→ PROBLEM TO SOLVE:
Skip the pictures and write out, word for word, the lines below from the one with "Real Sample Sweetheart" through the one with "該履帶底盤承載重量達4T,可", inclusive.

→ EXCERPTED DATA:
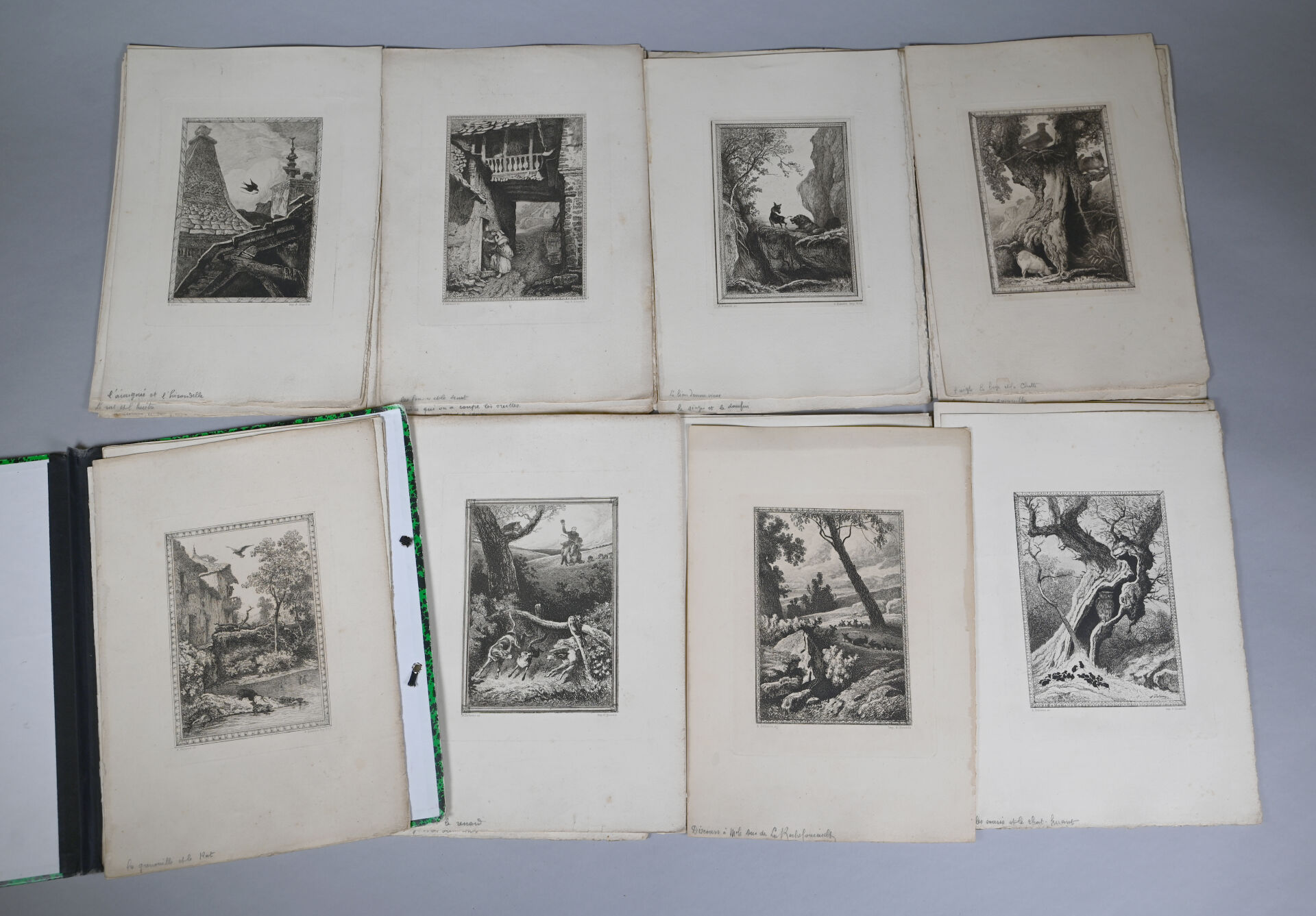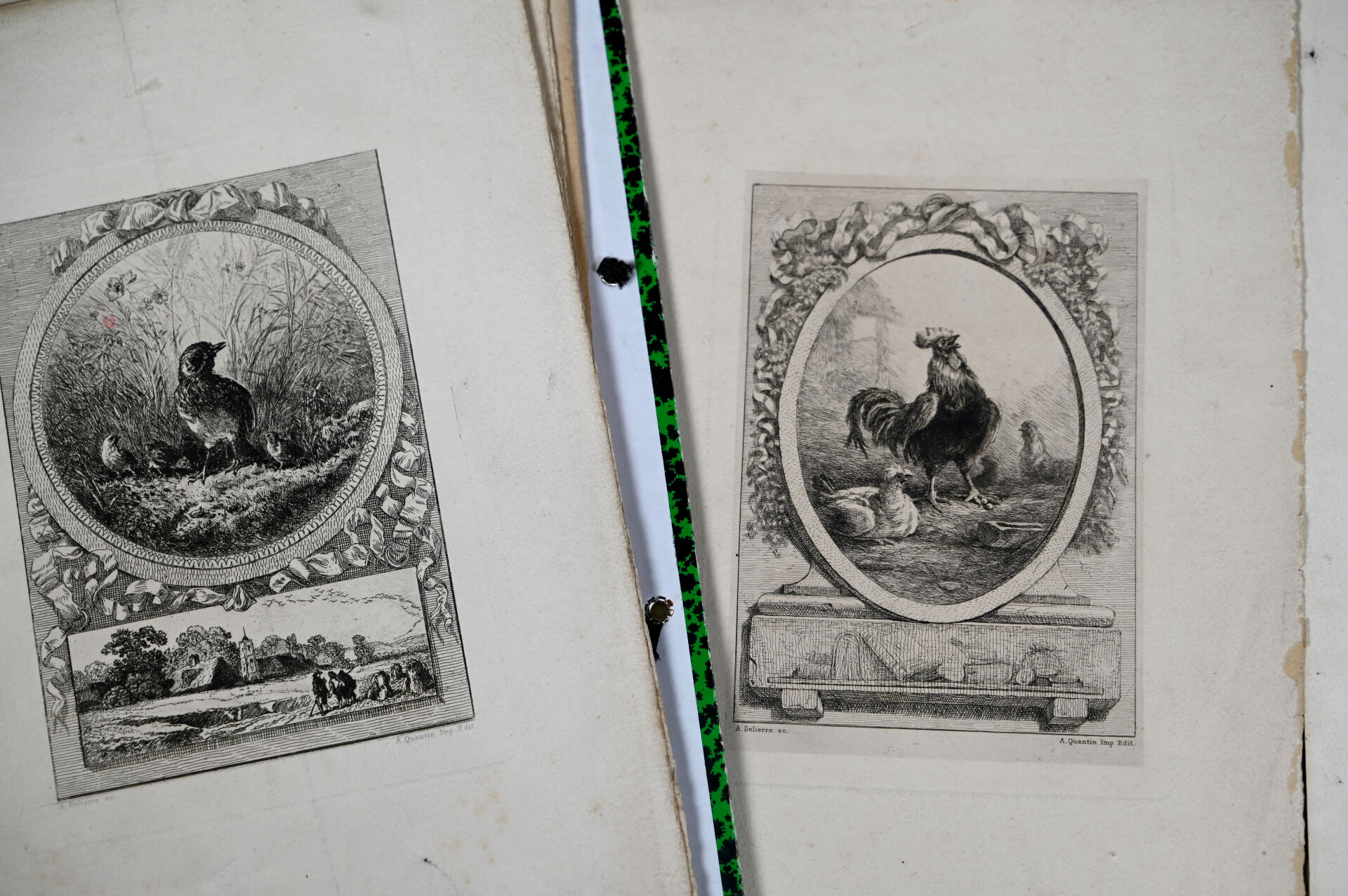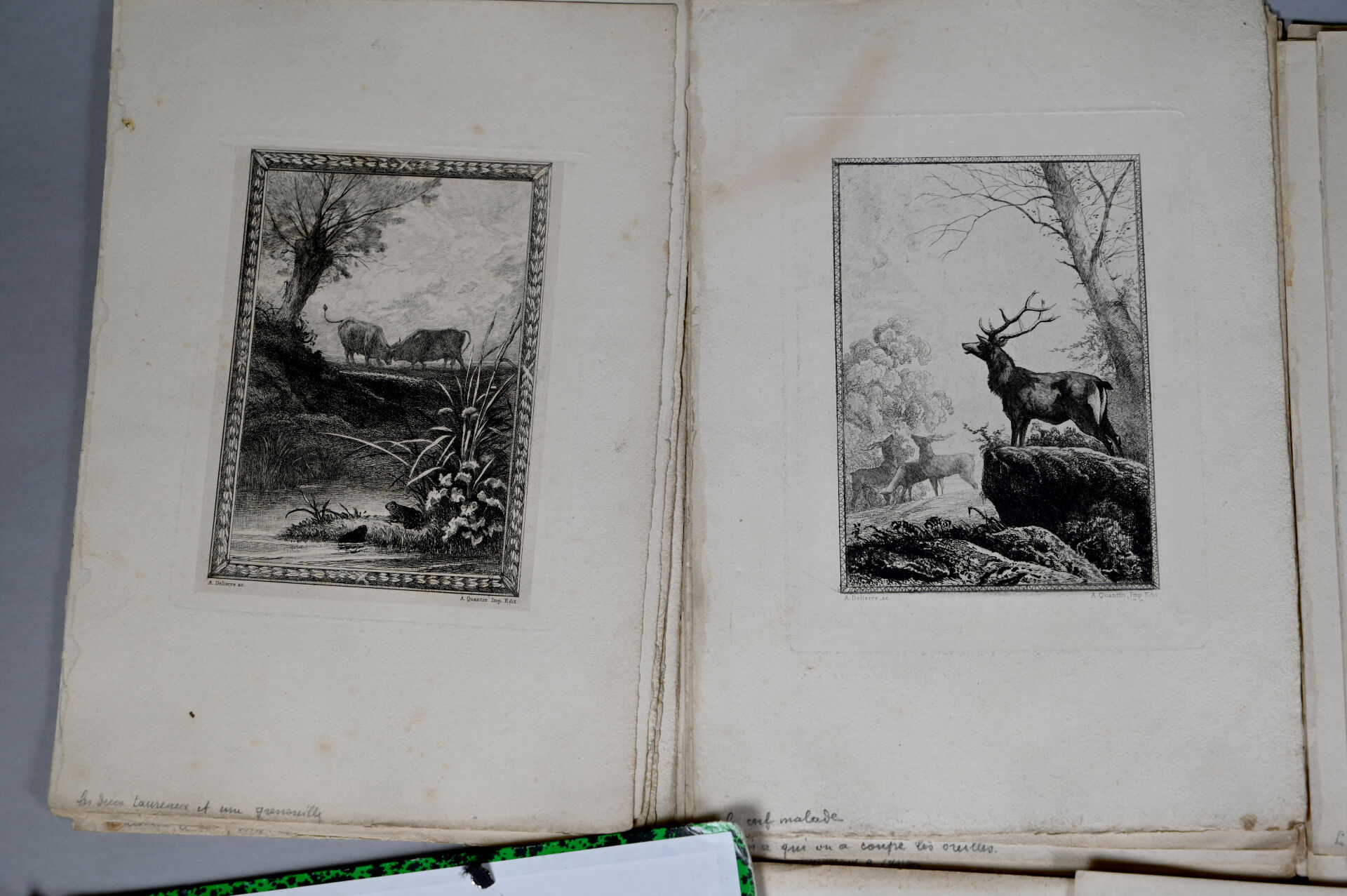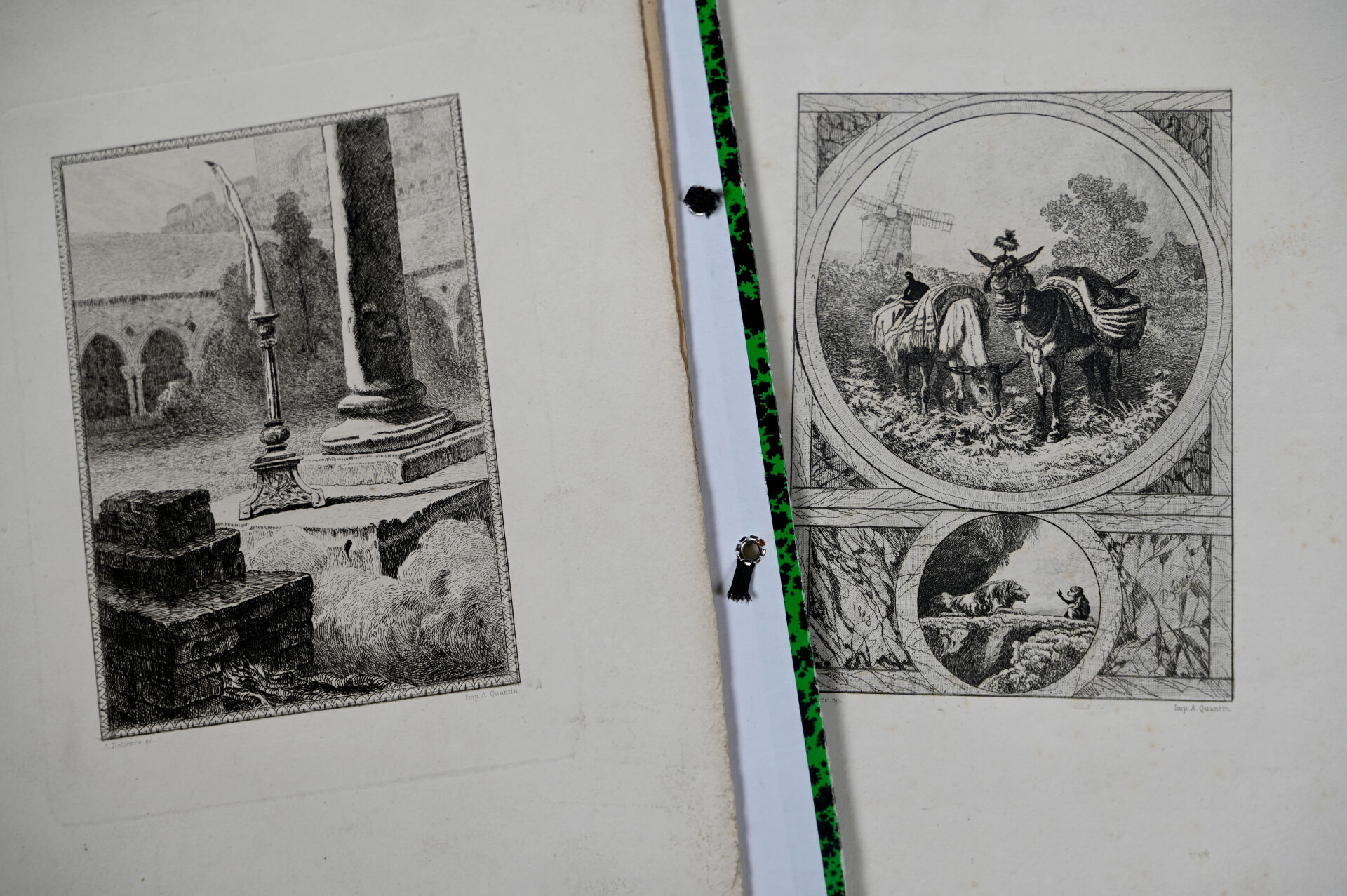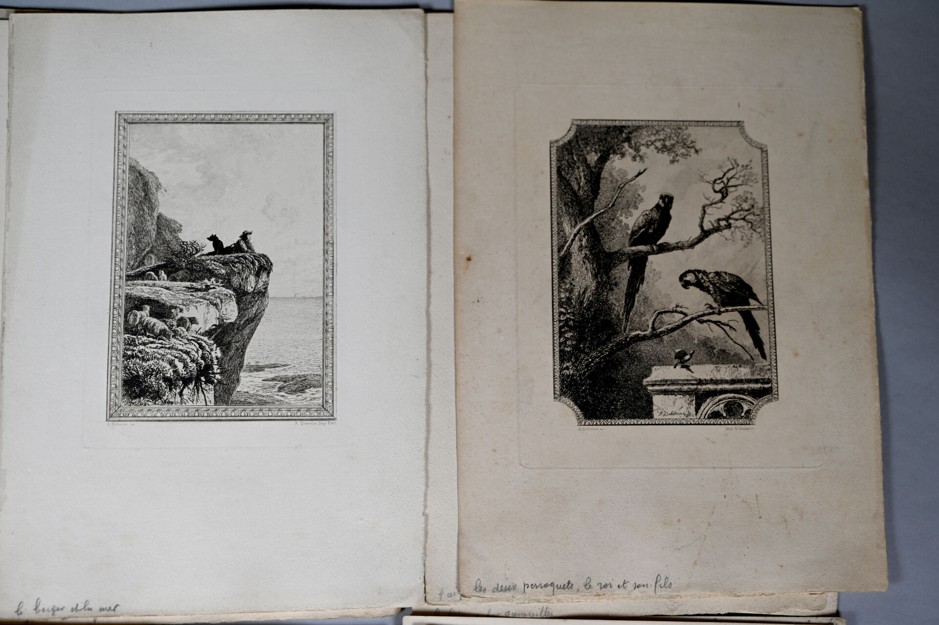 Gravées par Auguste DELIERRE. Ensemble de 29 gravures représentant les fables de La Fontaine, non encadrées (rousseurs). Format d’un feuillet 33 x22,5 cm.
---
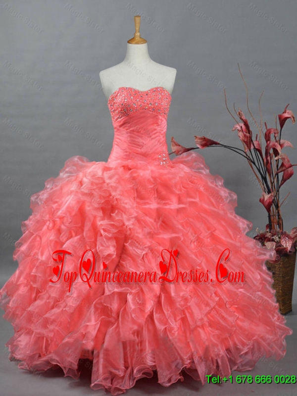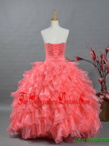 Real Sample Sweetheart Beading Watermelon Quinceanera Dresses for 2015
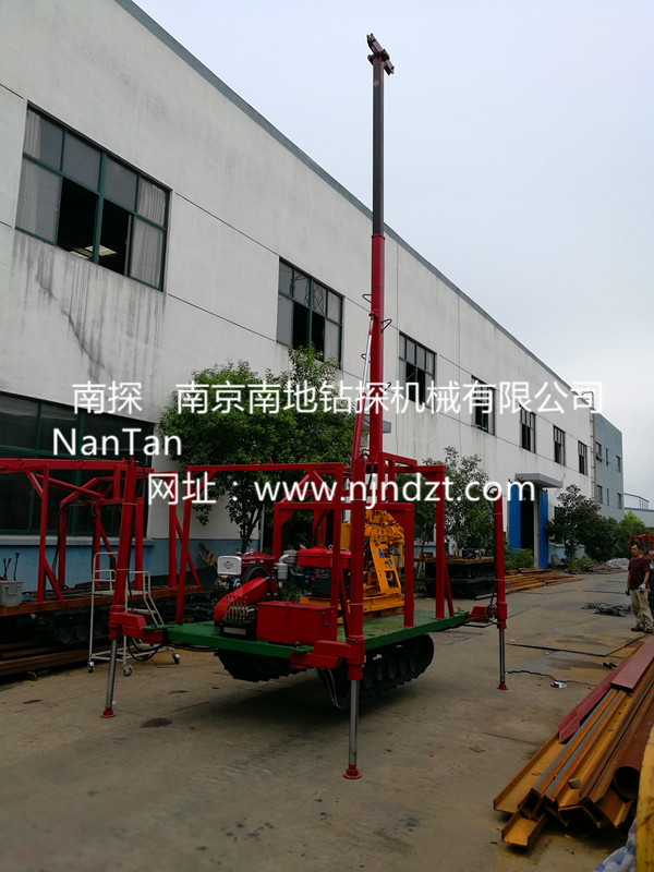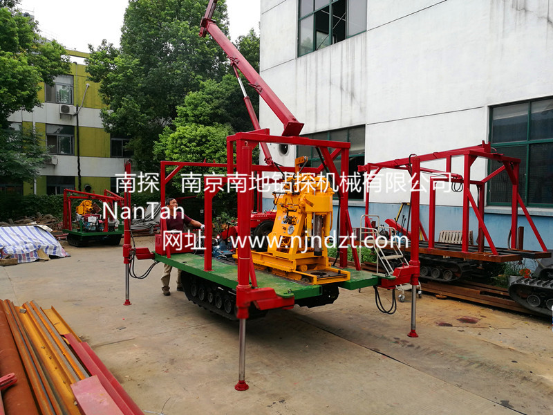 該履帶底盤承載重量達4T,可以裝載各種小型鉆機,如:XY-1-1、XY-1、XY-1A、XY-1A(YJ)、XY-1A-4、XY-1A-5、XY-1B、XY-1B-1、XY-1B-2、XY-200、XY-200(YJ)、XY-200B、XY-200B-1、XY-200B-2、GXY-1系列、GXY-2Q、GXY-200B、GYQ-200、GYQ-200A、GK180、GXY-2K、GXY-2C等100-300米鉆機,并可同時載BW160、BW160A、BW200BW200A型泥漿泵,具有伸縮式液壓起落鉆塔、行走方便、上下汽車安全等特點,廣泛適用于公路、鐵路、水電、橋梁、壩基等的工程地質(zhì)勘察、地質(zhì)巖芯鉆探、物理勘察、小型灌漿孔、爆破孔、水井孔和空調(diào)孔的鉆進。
...
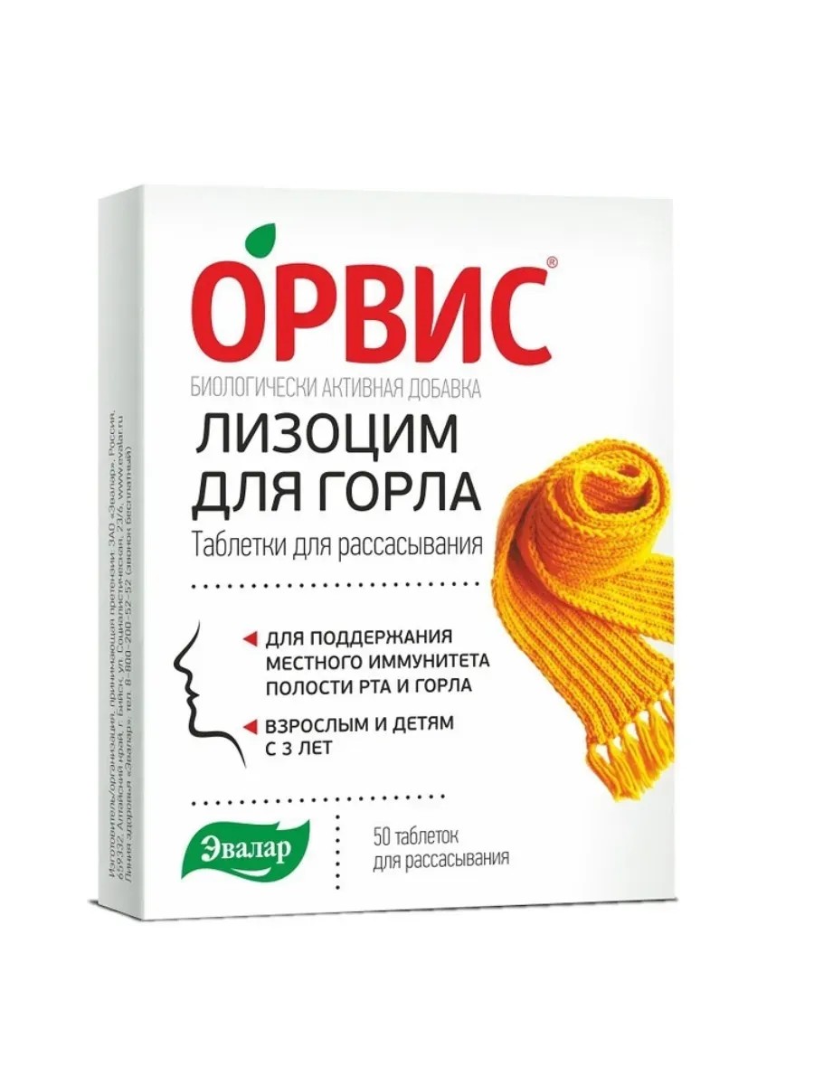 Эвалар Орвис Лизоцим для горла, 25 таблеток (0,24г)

→ SOLUTION:
 Real Sample Sweetheart Beading Watermelon Quinceanera Dresses for 2015
 該履帶底盤承載重量達4T,可以裝載各種小型鉆機,如:XY-1-1、XY-1、XY-1A、XY-1A(YJ)、XY-1A-4、XY-1A-5、XY-1B、XY-1B-1、XY-1B-2、XY-200、XY-200(YJ)、XY-200B、XY-200B-1、XY-200B-2、GXY-1系列、GXY-2Q、GXY-200B、GYQ-200、GYQ-200A、GK180、GXY-2K、GXY-2C等100-300米鉆機,并可同時載BW160、BW160A、BW200BW200A型泥漿泵,具有伸縮式液壓起落鉆塔、行走方便、上下汽車安全等特點,廣泛適用于公路、鐵路、水電、橋梁、壩基等的工程地質(zhì)勘察、地質(zhì)巖芯鉆探、物理勘察、小型灌漿孔、爆破孔、水井孔和空調(diào)孔的鉆進。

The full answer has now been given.